With all of the low scores being posted around him, Tucson, Arizona's Alex McMahon saved his fireworks for the end. Arriving at the scorers table mere minutes after Pereira, the senior at the University of Arizona bettered the course record by a single shot with a nine-under 61, good enough to jump into fifth overall at -7 (72-61-133).

McMahon's card was colorful, posting only 6 pars over the course of the day. His nine birdies, one eagle and two bogeys etches his name in the Pine Canyon record books for the lowest ever competitive course record.

"I started the day just wanting to get under par for the tournament and get myself back into," mentioned McMahon following his round. "It was a fun day. Everything went in and it was definitely a lot of fun."

Asked how it would feel if he could win the Pacific Coast Amateur as a resident Arizonan, he was excited about the possibility.
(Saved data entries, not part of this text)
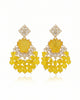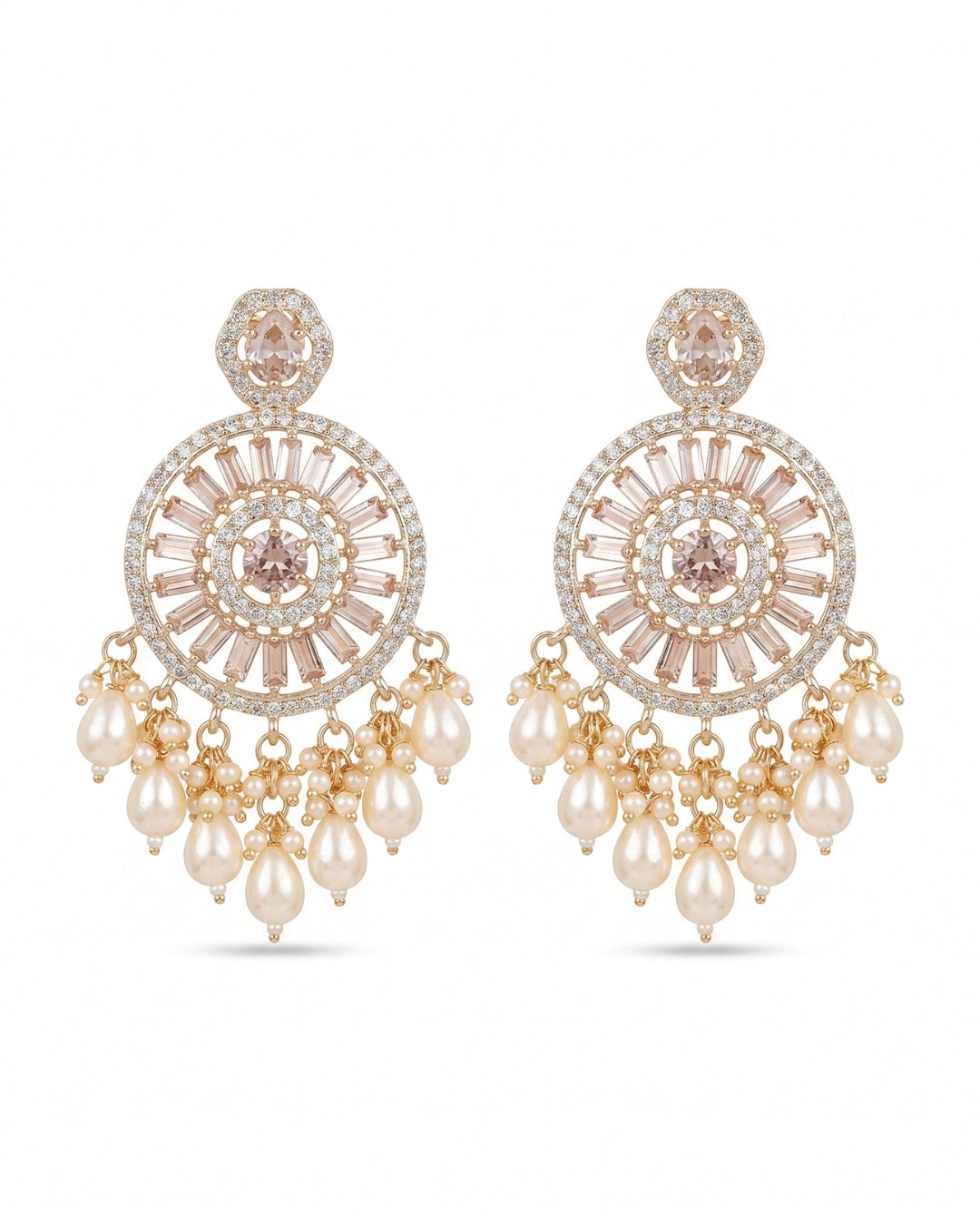 At the base, several beige drops that look like pearls hang elegantly, giving it movement and a touch of luxury. The top stud is made with a sparkly pattern that goes perfectly with the detailed details below.
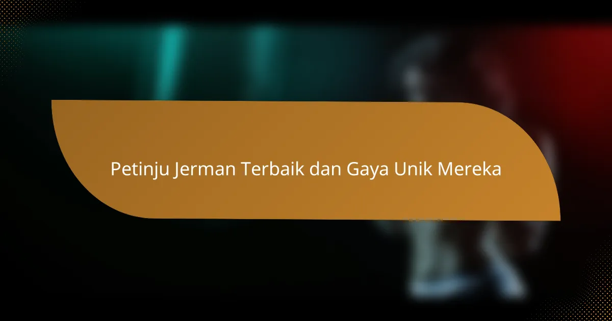 Petinju Jerman dikenal karena pendekatan disiplin mereka, menggabungkan keterampilan teknis dengan pemikiran strategis. Gaya unik mereka sering menekankan dasar yang kuat, gerakan kaki, dan fokus pada pertahanan, menjadikan mereka lawan yang tangguh di ring.
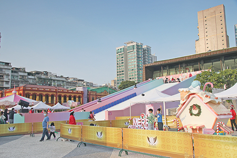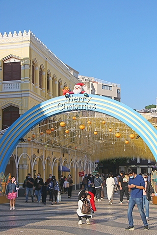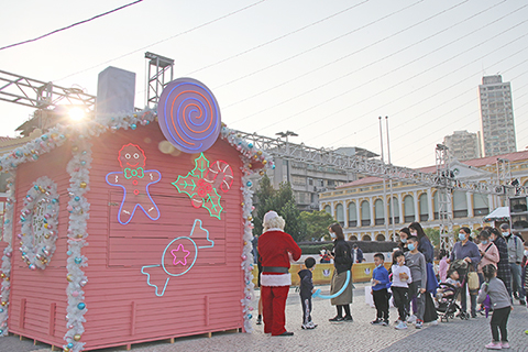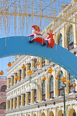聖誕節期間,澳門小城的節日氣氛很濃。特別是議事亭前地聖誕燈飾有粉色聖誕樹、白色雪人與繽紛聖誕鹿、禮盒等裝點,讓居民和遊客感受到聖誕節溫馨與歡樂。
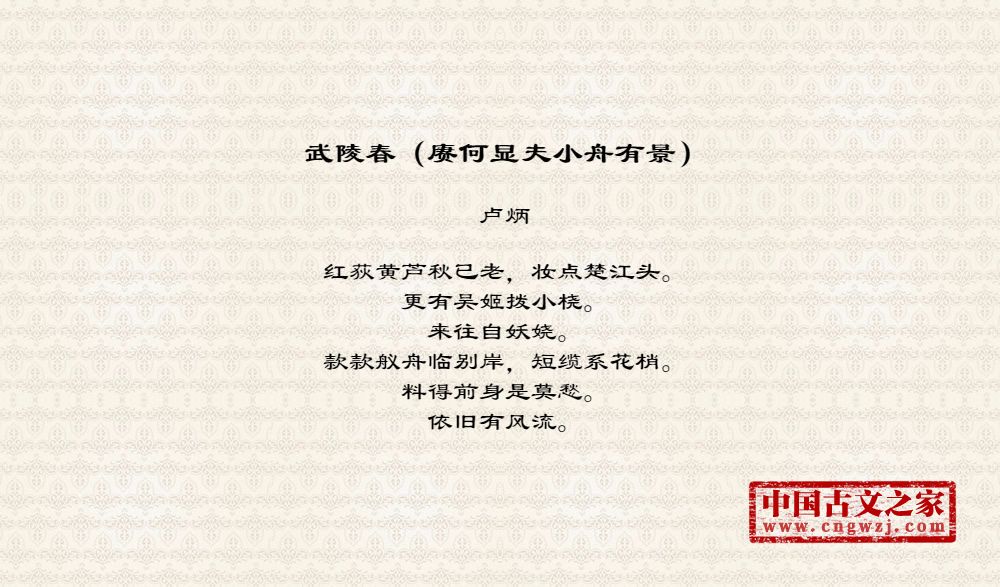 《武陵春(赓何显夫小舟有景)》的原文打印版(卢炳)
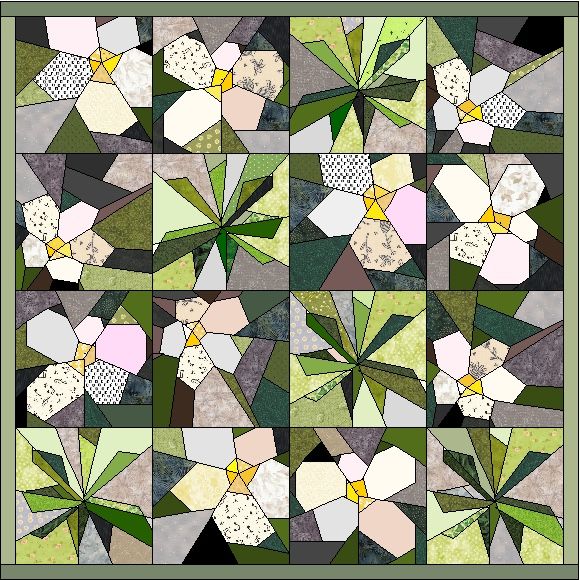 Не сложная в исполнении схема квилта с цветочными блоками, которые можно видоизменять по своему усмотрению. Напоминает витраж и фриформ, позволяет пристроить маленькие лоскутки, поскольку каждый отдельный сектор блока тоже может состоять из более мелких фрагментов. »
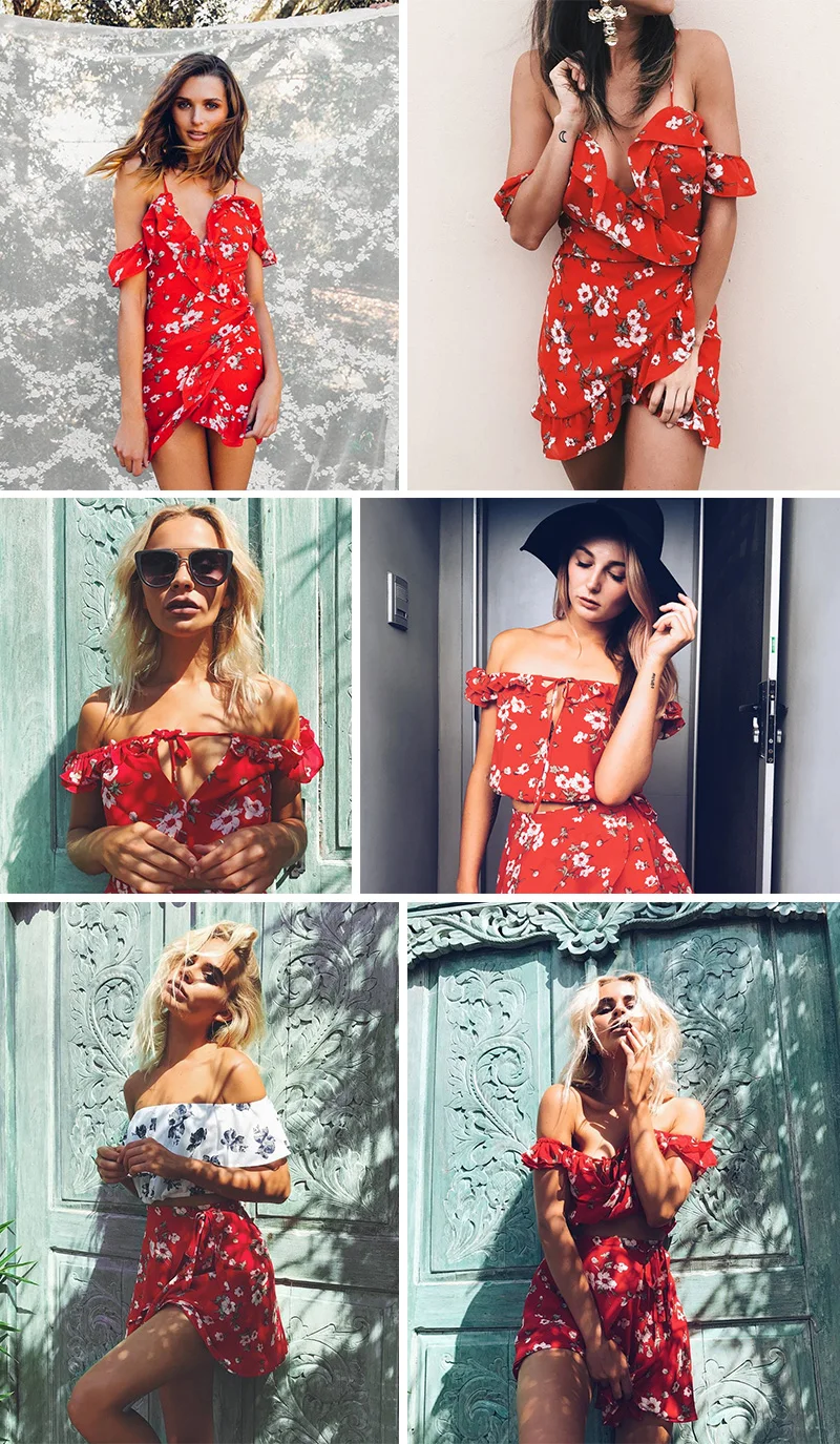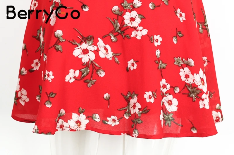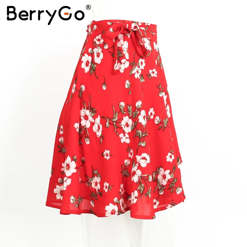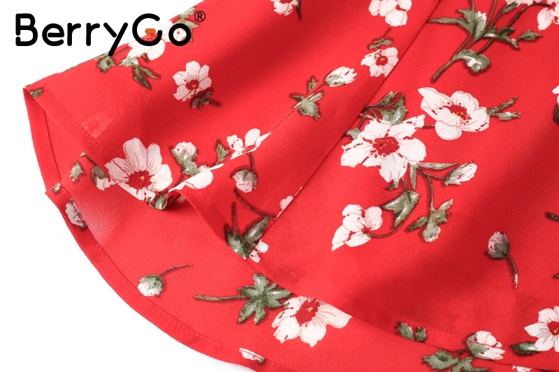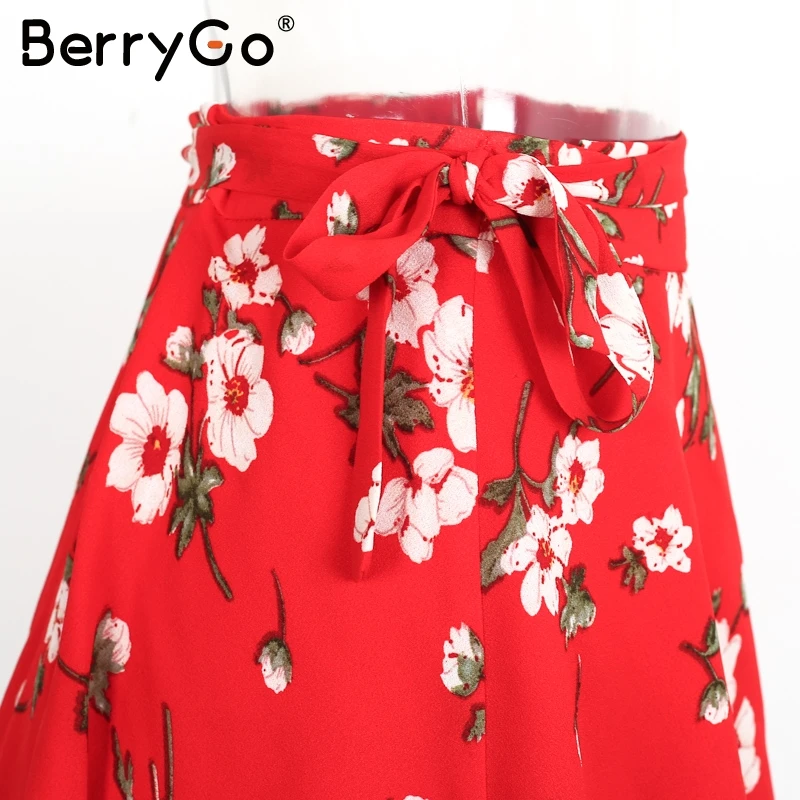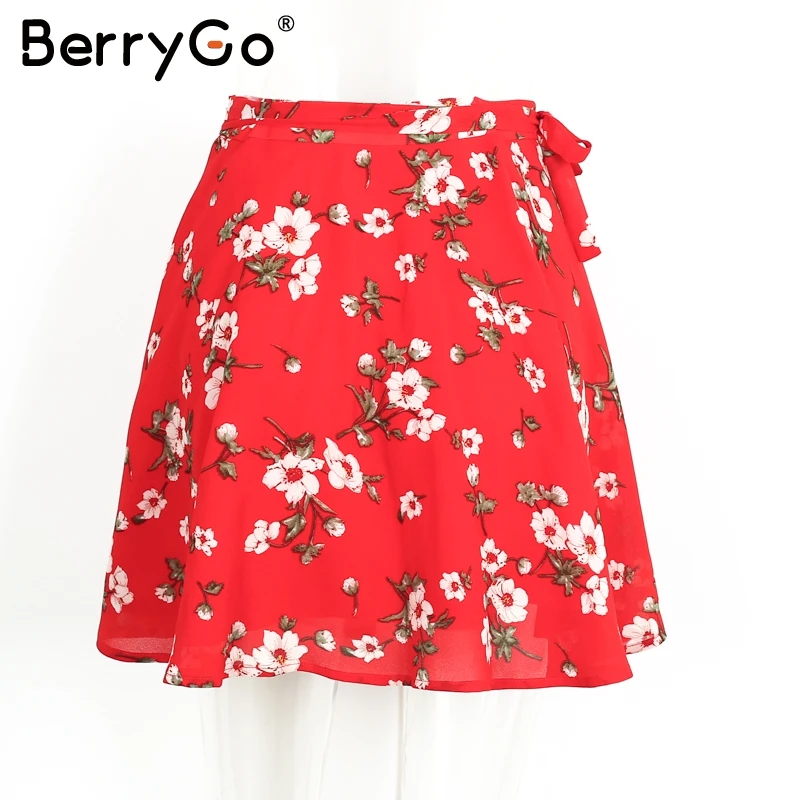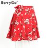 BerryGo Boho red print chiffon skirts women Vintage party ruffles short skirt Casual high waist summer skirt female

"It'd be great. I love Arizona. I love playing here. I seem to play my best golf in my home state so that's something I would love to do and hopefully I can give it my best shot the next couple of days."

On a day that featured moderate wind and muggy conditions, the field at the Championship took advantage of favorable scoring conditions. In total, 27 players broke par during round two.

In the Morse Cup team competition, the contingent of Anguiano, Jonathan Sanders of Chatsworth and Byron Meth of San Diego, representing the Southern California Golf Association (SCGA), claimed the trophy by a single stroke over the defending Northern California Golf Association (NCGA). Although full pressure was put on by the stellar play of Pereira with the NCGA, the -11 team score for the SCGA was a single stroke to low to catch.

"It's always nice to beat Northern California," laughed Sanders when asked of the win. "They kind of think they are better than us, we think we are better than them so its nice to bring it back to Southern California, the better half."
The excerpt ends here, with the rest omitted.